Wraz z rozpoczęciem sezonu wakacyjnego narastają niepokoje na Wyspach Kanaryjskich. Protesty przeciwko nadmiernej turystyce są tam już normą. Teraz jednak dodatkowo podnoszony jest problem zrzucania ścieków do morza tuż obok plaż.
Polacy są zakochani w Wyspach Kanaryjskich. Te przez lata kojarzone były z luksusem, a od kilku lat są na wyciągnięcie ręki dzięki trasom tanich linii lotniczych. Jeżeli planujecie spędzić wakacje na Teneryfie, uważajcie, gdzie się kąpiecie. Mieszkańcy w wielu miejscach wywieszają transparenty "kąpiemy się w kupie" i przygotowują się na protest.
Wakacje w Hiszpanii i problem ścieków na Teneryfie
Ścieki od dawna stanowią problem na kilku popularnych wśród turystów wyspach. Zarówno na Balearach jak i Kanarach lokalne systemy oczyszczania czasami nie są w stanie przefiltrować i oczyścić ogromnej ilości ścieków. Wówczas dochodzi do ich zrzucania do morza.
Jak informuje serwis NaKanarach.pl, nie zawsze proceder ten odbywa się z dala od plaż, na których kąpią się ludzie. Zdarza się, że ma to miejsce w pobliżu zatoczek czy promenad. W sumie na Teneryfie ma być ponad 300 takich punktów zrzutu.
Konsekwencje takiego zanieczyszczenia są poważne. Niektóre plaże miesiącami są wyłączone z użytku z powodu skażenia bakteriami i zrzutu nieczystości. Tam, gdzie plaża nie została zamknięta na czas, osoby, które wykąpały się w tamtejszej wodzie, narzekają na bóle brzucha, biegunkę czy wysypkę.
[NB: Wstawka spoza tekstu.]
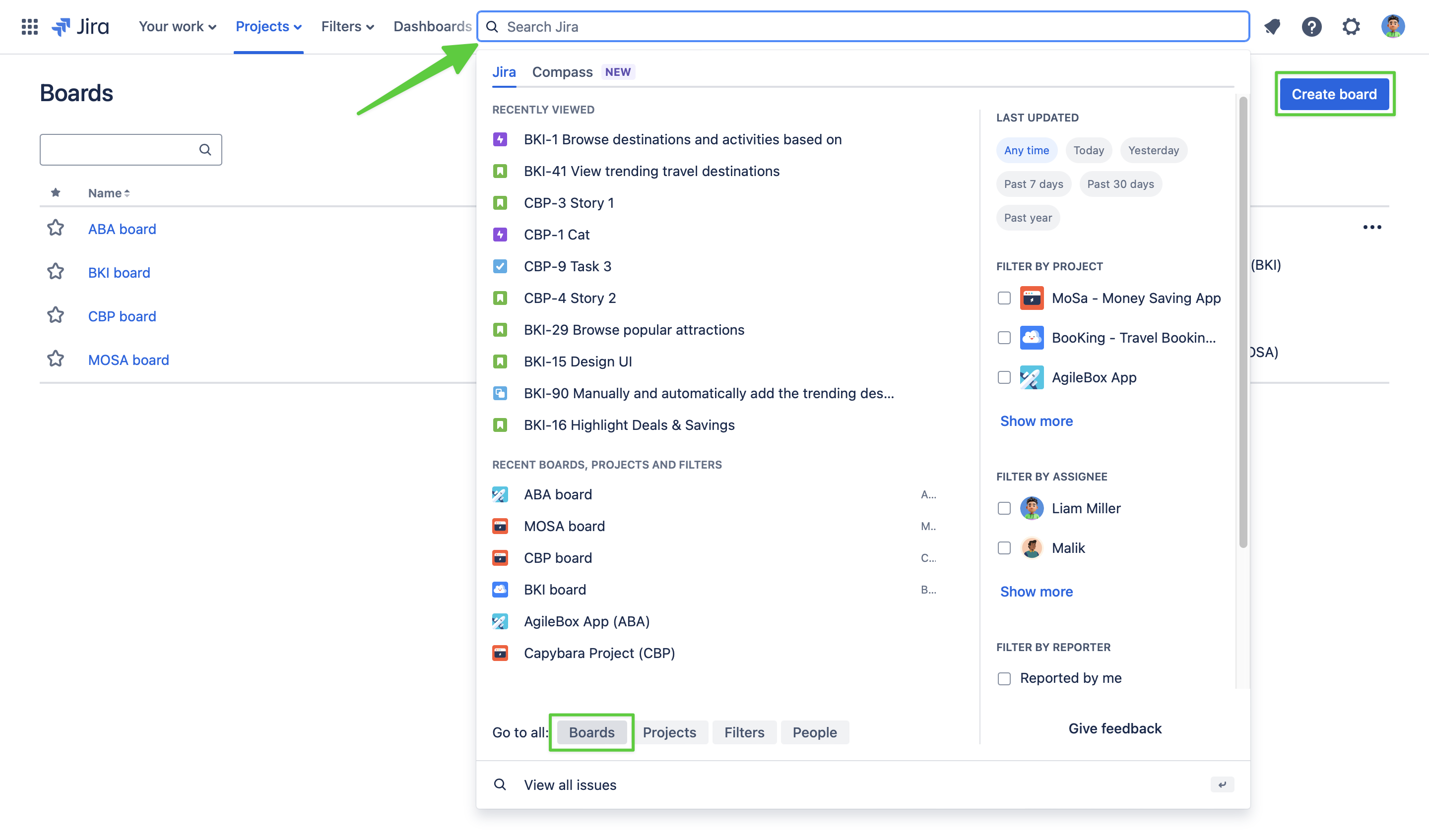 In Jira, navigate to the search bar and select View all boards or Go to all: Boards depending on your Jira version. Click the Create board button.

Na Teneryfie protestują przeciwko nielegalnym zrzutom ścieków
Dużym zagrożeniem jest także nielegalny zrzut odpadów do wody. Na Teneryfie namierzono przynajmniej kilka takich punktów, co tylko podgrzało emocje wokół tego jakże ważnego i trudnego tematu.
W związku z brakiem stanowczej reakcji ze strony władz lokalni mieszkańcy chcą wziąć sprawy we własne ręce. Jak podaje serwis NaKanarach.pl, 18 maja ma odbyć się protest przeciwko zrzucaniu nieczystości do oceanu. Już teraz natomiast na balkonach pojawiają się transparenty z hasłem "kąpiemy się w kupie".